Rimmel lipsticks are cheap and good value, and they have lots of fun colours. L'Oreal lipsticks are nice too but their colour palette leaves much to be desired.

Just head to a drugstore that has testers and try out!


----------



## snugglebunny (Oct 15, 2007)

unfortunately no store here in houston TX has testers apparenlty.

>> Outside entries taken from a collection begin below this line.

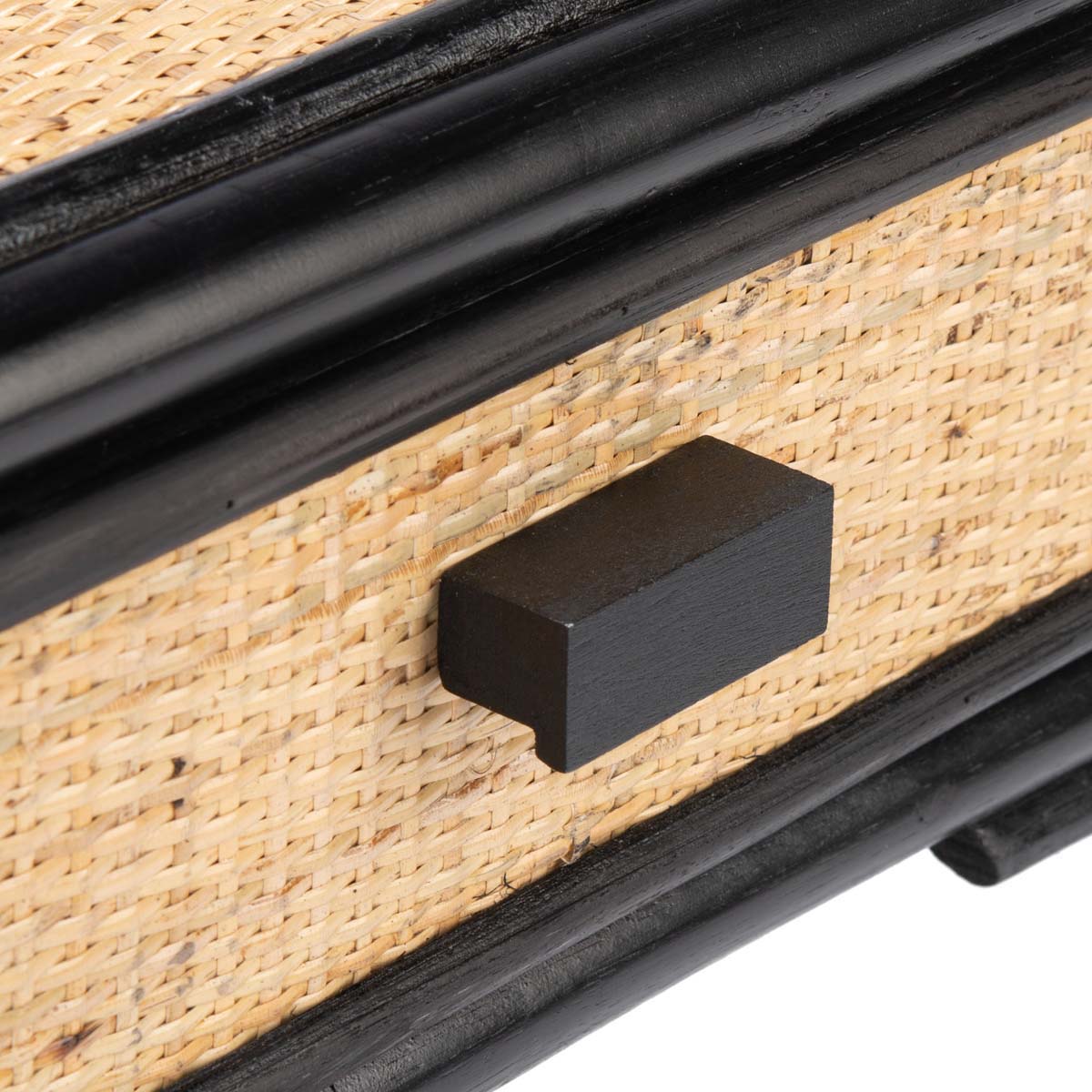 British Colonial style is reimagined for today?? contemporary-coastal interiors in this Roya Nightstand. Roya?? bamboo-style frame, open bottom shelf, and natural rattan drawer give it unique visual depth, while a sleek black finish ensures Roya complements any room?? color scheme.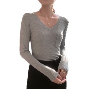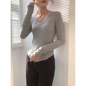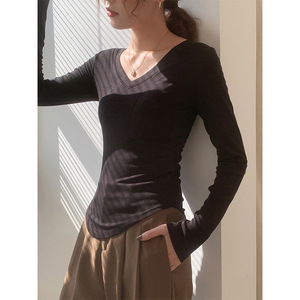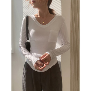 简约纯白色打底衫女2025新款春秋内搭V领修身长袖T恤显瘦韩系上衣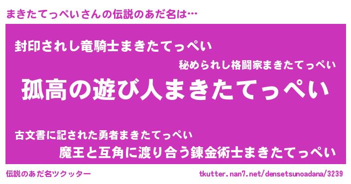 | 男性向けラノベタイトル風あだ名 | 『ダンジョンにまきたてっぺいを求めるのは間違っているだろうか』 |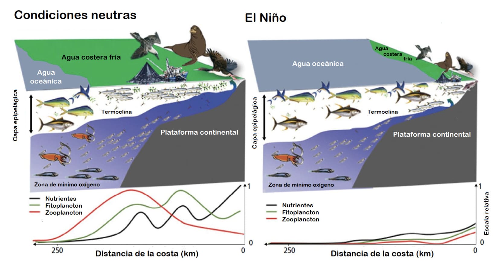 En años normales, el ecosistema costero presenta alta biomasa y productividad primaria debido a eventos de afloramiento que aportan nutrientes, dominando fitoplancton (e.g. diatomeas) y zooplancton (e.g. eufáusidos) de gran tamaño y peces pelágicos (e.g. anchoveta), el cual se extiende hasta más de 200 km de la costa. Los impactos de El Niño reducen dramáticamente la extensión productiva del ecosistema costero, acercándose el ecosistema oceánico a la costa, con baja producción primaria y pocos nutrientes, dominando fitoplancton (e.g. microflagelados) y zooplancton pequeño (e.g. copépodos) (modificado de Chávez 2002).
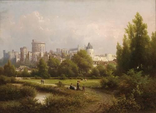 | AN ATTRACTIVE VIEW OF WINDSOR CASTLE WITH CHILDREN PLAYING IN THE FOREGROUND | |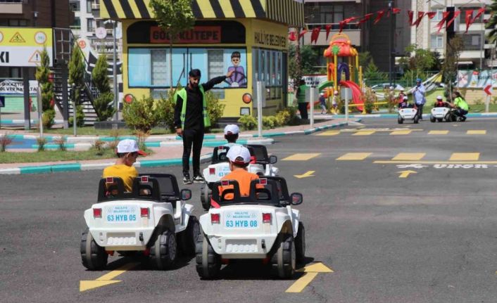 Şanlıurfa Valiliği koordinesinde Haliliye Belediyesi, İl Emniyet Müdürlüğü ve İl Milli Eğitim Müdürlüğü işbirliğinde çocuk trafik eğitim parkı minik misafirlerini ağırlamaya devam ediyor.

I went to these stores and *no testers* were there, only cameras everywhere  to catch your act and get you in trouble:
- 4 different Walmarts all over houston, not just one part of the huge city
- 3 different CVS
- 3 different walgreens
- Target
- Ulta (only had testers for high end brands, not drugstore brands that im looking for)
- 2 different H.E.B. grocery store, one in Katy and one in Houston
- Randalls grocery
- Sally Beauty Store
- 2 different Krogers grocery store

that's why i asked if anyone had any pictures to share of different shades of lipstick because I have tried sneaking color swatches onto my hand at the stores, but workers are everywhere to catch me, and not only that, but colors on the skin and colors on the lips look different, and I'm definitely not able to test out the colors on my lips =( . I've tried so hard to look for swatches but I just can't find any that fits the shades i would like to have 
	

	
	
		
		

		
		
	


	




.


----------



## meiming (Oct 15, 2007)

I just found this link in the swatch request thread and even though they are high end brand colors...you may see one(s) you like and find a drugstore dupe based on the shade?
http://compare.raquel13.com/

Also, here's the swatch thread if you want to wade through it yourself:
http://specktra.net/showthread.php?t=66615


----------



## makeupgal (Oct 16, 2007)

I think you will LOVE the Rimmel lipsticks.  I own about 100 MAC lipsticks, yet on a couple of FOTD's I've posted here, I used Rimmel because I was going for the nude look you are describing.  Check them out.  Wal-Mart sells Rimmel and so does CVS and Walgreen's.


----------



## shimpaniac (Oct 16, 2007)

umm...sorry for late reply...
someone above said the loreal range of colours is limited...true...but im not talking about the old color riche...i meant the new NUDES range theyve come out with...
anyway...i dont promise, but ill try to swatch the colours for you...very soon...
just give me a while...
hope it'll help!!(never posted a swatch here before!!)


----------